Department of Pathology, University of Texas Southwestern Medical Center, Dallas 75390-9073, USA.
Archives of pathology & laboratory medicine (Impact Factor: 2.84). 08/2003; 127(7):879-82. DOI: 10.1043/1543-2165(2003)127<879:LRLMM>2.0.CO;2
Source: PubMed


Lymphangioleiomyomatosis (lymphangiomyomatosis [LAM]), a rare disease of unknown etiology that is seen only in women usually in the reproductive period, generally presents with features of pulmonary involvement.

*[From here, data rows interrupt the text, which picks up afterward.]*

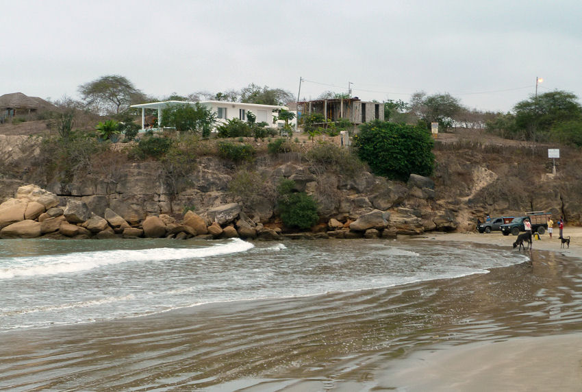 Hasten zu den Taxis, lassen uns zum Busterminal bringen, erstehen ein Ticket für einen Bus der laut Fahrplan in 5 Minuten abfährt und rennen mit dem Gepäck den weiten Weg zum Bussteig. Werfen die Rucksäcke in das Gepäckfach, steigen ein und schon geht die Fahrt los. In den nächsten zwei Stunden haben wir Zeit uns von der Hektik zu erholen. Da es schon dunkel ist, bekommen wir von der Landschaft nichts mit, und auch das System der Haltestellen in Santa Elena erschließt sich uns nicht. Eher zufällig und mit Hilfe einheimischer Reisender steigen wir in der Nähe des Busterminals aus (wird von dieser Linie nicht direkt angefahren!). Rufen Bertram an, damit er uns am Straßenrand aufliest und schon bald rauschen wir durch die Dunkelheit nach Colonche, der Wirkungsstätte unseres Freundes. Bekommen ein kleines Abendessen serviert, feiern noch ein wenig unser Wiedersehen und verziehen uns bald sehr müde aufs Zimmer.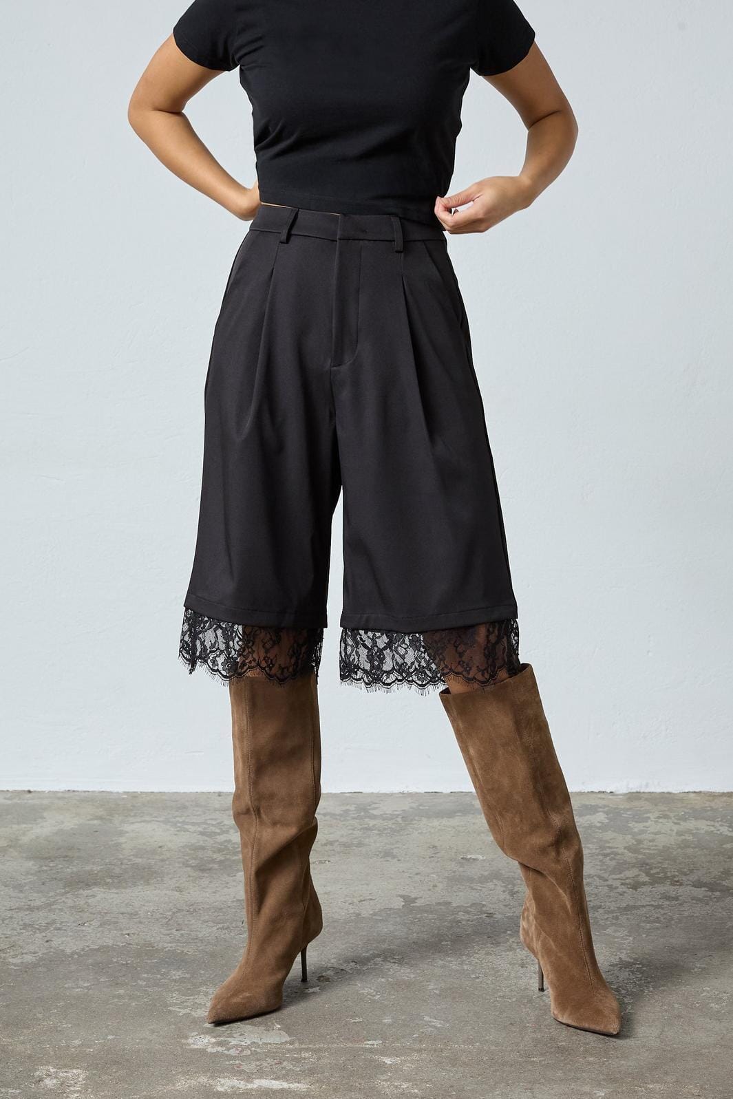 Svarta shorts från Sisters Point med spetsdetaljer vid bensluten. Shortsen har en lös passform och går precis över knäet.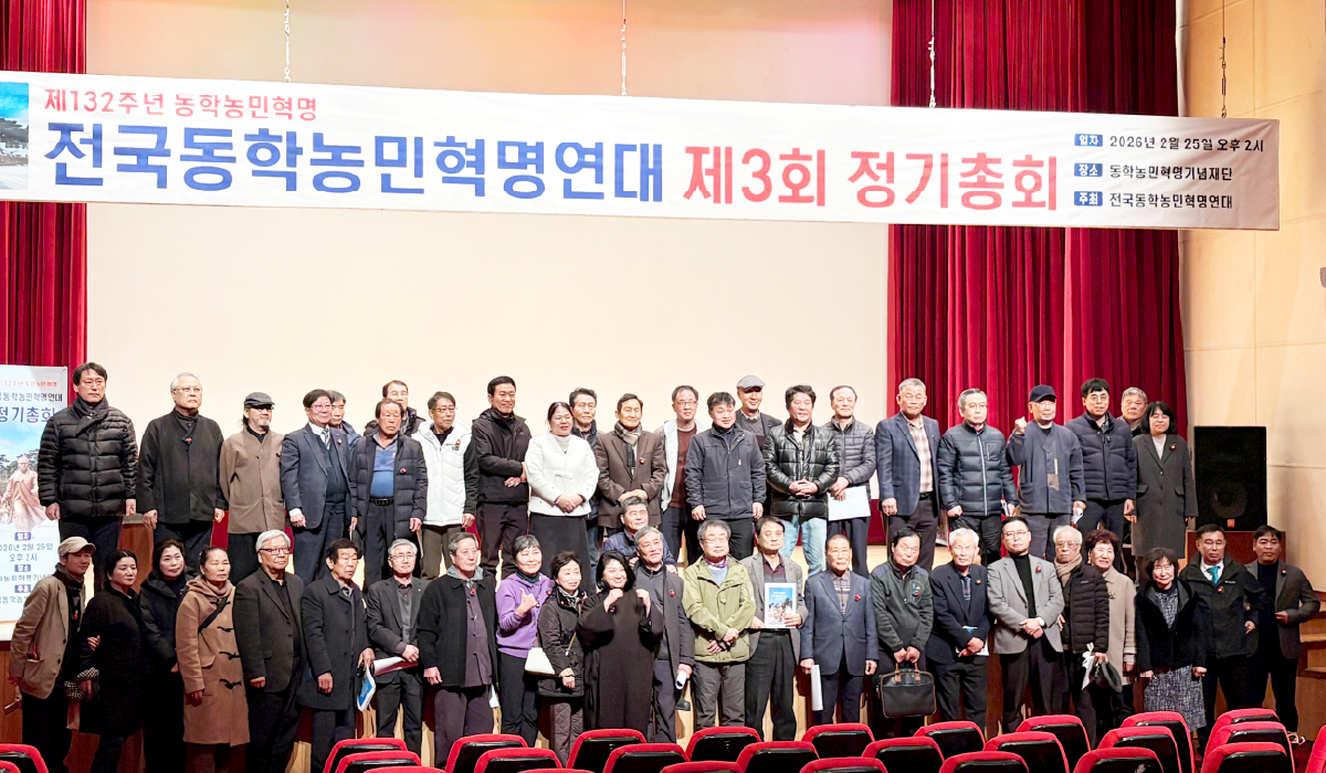 2026년 2월 25일 동학농민혁명기념재단 대강당에서 전국동학농민혁명연대(대표 고재국) 정기총회가 열렸다. 이번 총회는 제3회 정기총회로, 약 60개 단체가 참여하였다. 2025년도 사업을 점검하고 2026년 사업계획 승인, 정관 등 주요 안건을 논의하였으며 단체 간 소통을 넓히고 유대를 다지는 계기가 되었다.

Extrapulmonary involvement, such as angiomyolipomas and retroperitoneal adenopathy, can occur in up to 75% of cases. It is very rare, however, for patients to present with features of extrapulmonary LAM. We present an unusual, localized case of LAM presenting with neurologic symptoms related to a retroperitoneal mass in a 51-year-old woman. Magnetic resonance imaging showed that the mass involved retroperitoneal lymph nodes, and a clinical diagnosis of atypical sarcoma (possibly from a uterine primary) was made. The mass was resected, and a total abdominal hysterectomy was performed. On pathologic examination, the mass showed classic histologic features of LAM with spread along lymphatic channels in the lymph nodes. Intralymphatic projections simulated lymphatic metastasis; however, the cytologic features were benign. Immunostains revealed the tumor to be positive for smooth muscle actin and desmin, but negative for HMB-45. The uterus was unremarkable, except for a subserosal leiomyoma. Although intratumoral variability for HMB-45 has recently been described, to the best of our knowledge, this is the first documented case of HMB-45-negative, histologically classic LAM. Because of the presence of several atypical features in this case, such as age, location, compressive neurologic presentation, radiologic impression of atypical sarcoma, and HMB-45 negativity, we feel that this case may represent a distinct, as yet uncharacterized variant of LAM.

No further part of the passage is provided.